[Talk-us] Low-quality NHD imports
kevin.b.kenny+osm at gmail.com
Fri Oct 13 13:52:12 UTC 2017
On 10/13/2017 02:06 AM, Frederik Ramm wrote:
there's a LOT of NHD:* (and nhd:*) tags on OSM objects, see
- 1.9 million NHD:FCode, but also 188k "NHD:Permanent_" (note the
underscore), 10k "NHD:WBAreaComI", or 1.5m "NHD:Resolution" just to grab
I haven't researched who added them and when, but they would certainly
not clear the quality standards we have for imports today. Most of this
information can be properly modelled in usual OSM tags, and where it
cannot, it probably shouldn't be in OSM in the first place.

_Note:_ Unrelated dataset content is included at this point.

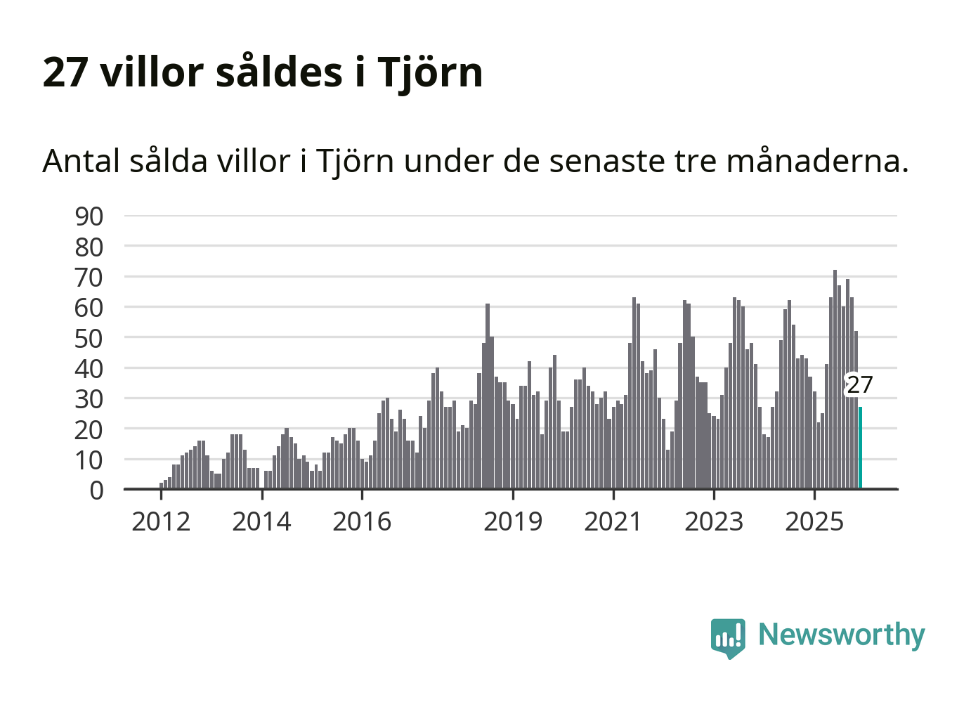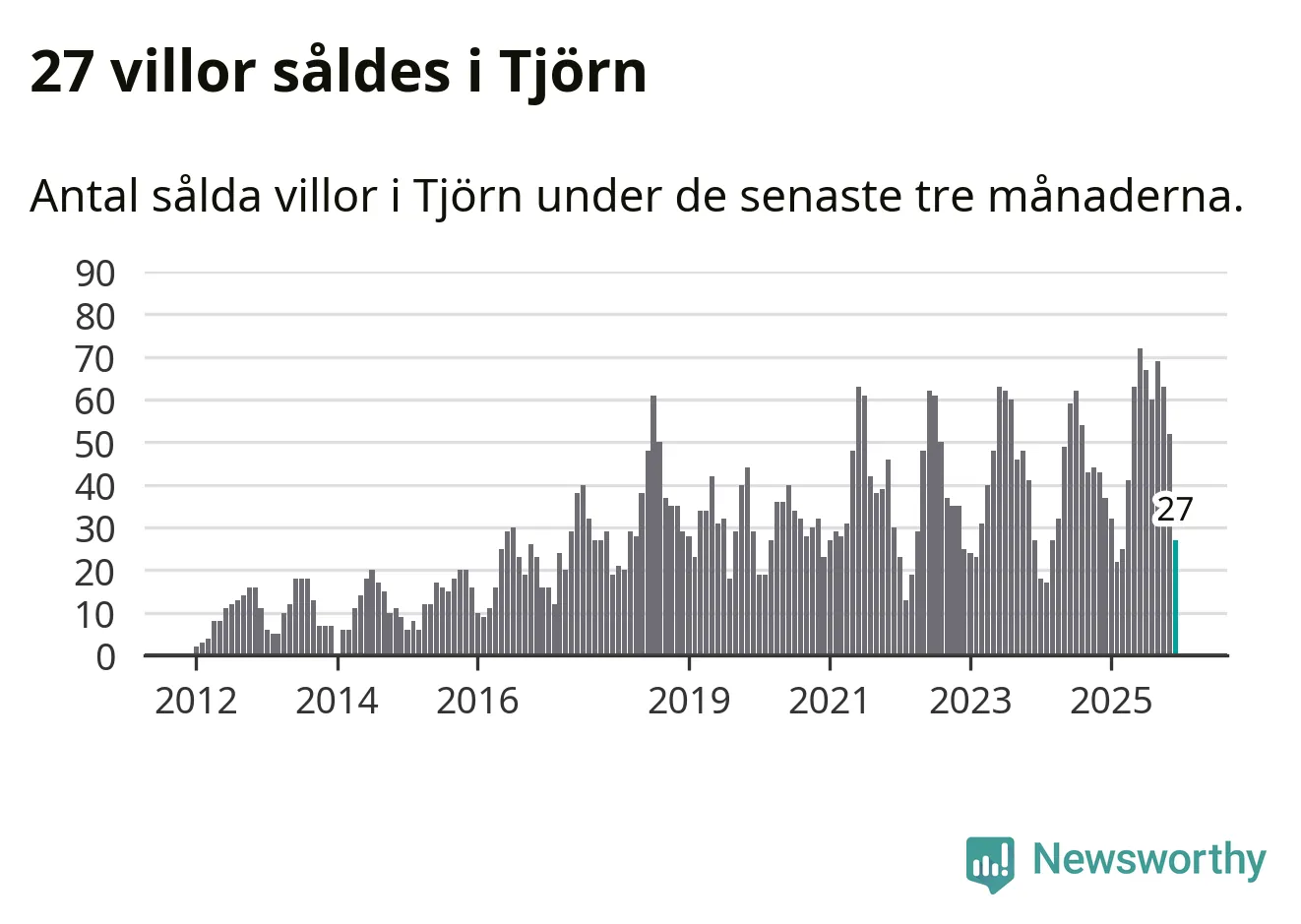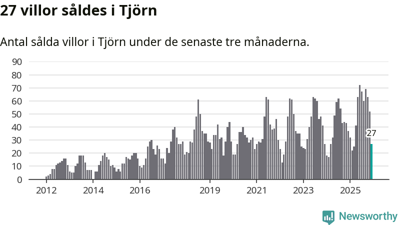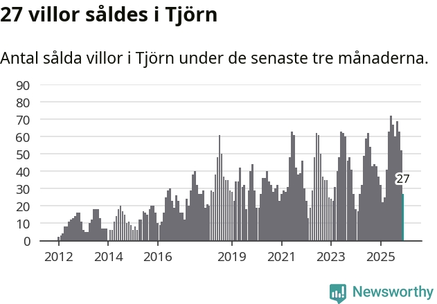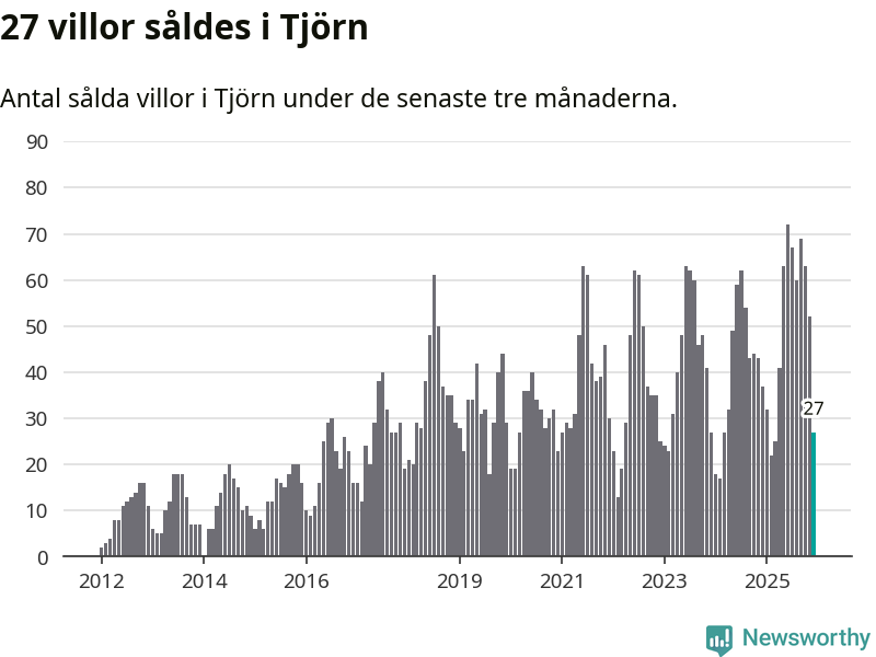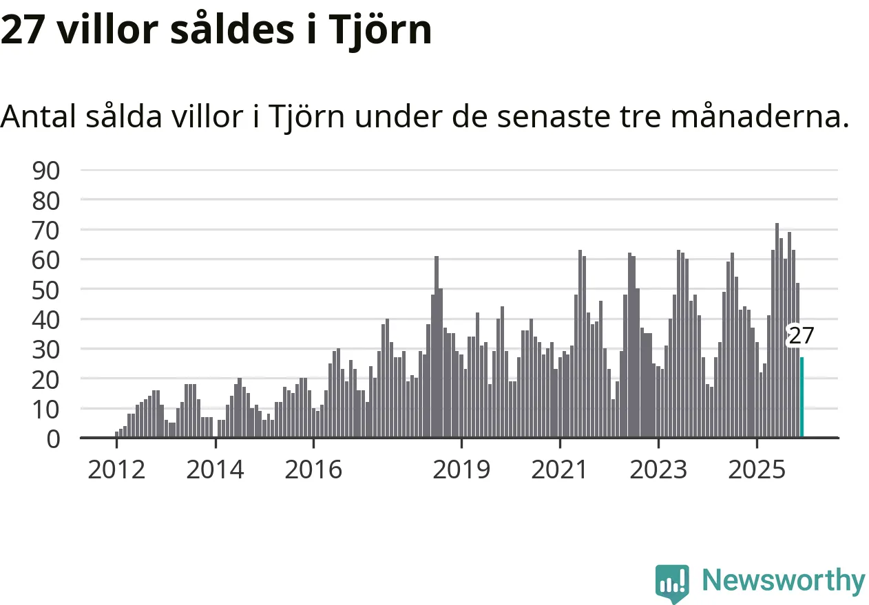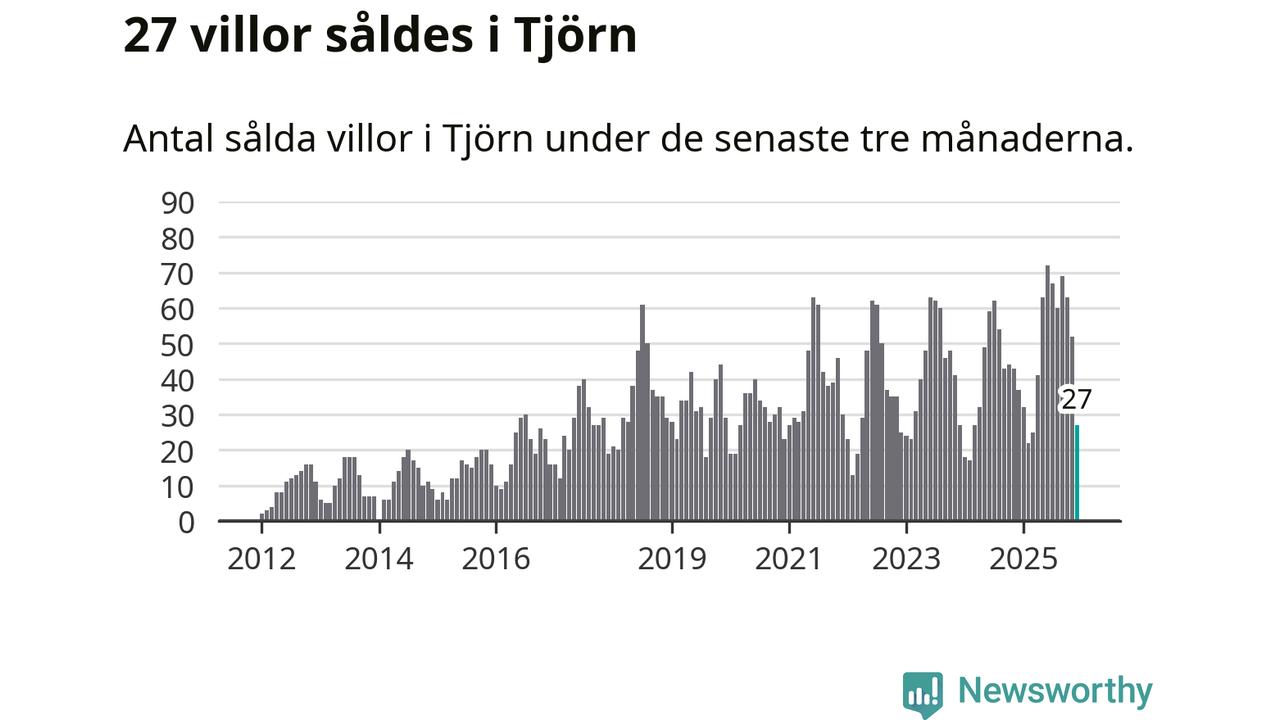 Mellan oktober och december såldes 27 villor i Tjörns kommun. Det är relativt få sett till aktiviteten på bostadsmarknaden i kommunen under de senaste tolv månaderna, samt det historiska snittet för den här tiden på året.

Is there any systematic (or even sporadic) effort of cleaning up these
old imports? Is there reason to believe that the neglect extends to more
than just the tags - do geometry and topology usually work well on
these, or are the funny tags a huge "this whole area hasn't had any love
in a long time" sign?
ON IRRELEVANT TAGGING:
I, at least, ordinarily do not make a specific effort to ferret out
irrelevant tags. For the most part, they're harmless to me. If some
random object on the map haapens to have 'zqx3:identifier=2718281828'
among its tags, the only real damage is the diffuse cost of shipping
the data around.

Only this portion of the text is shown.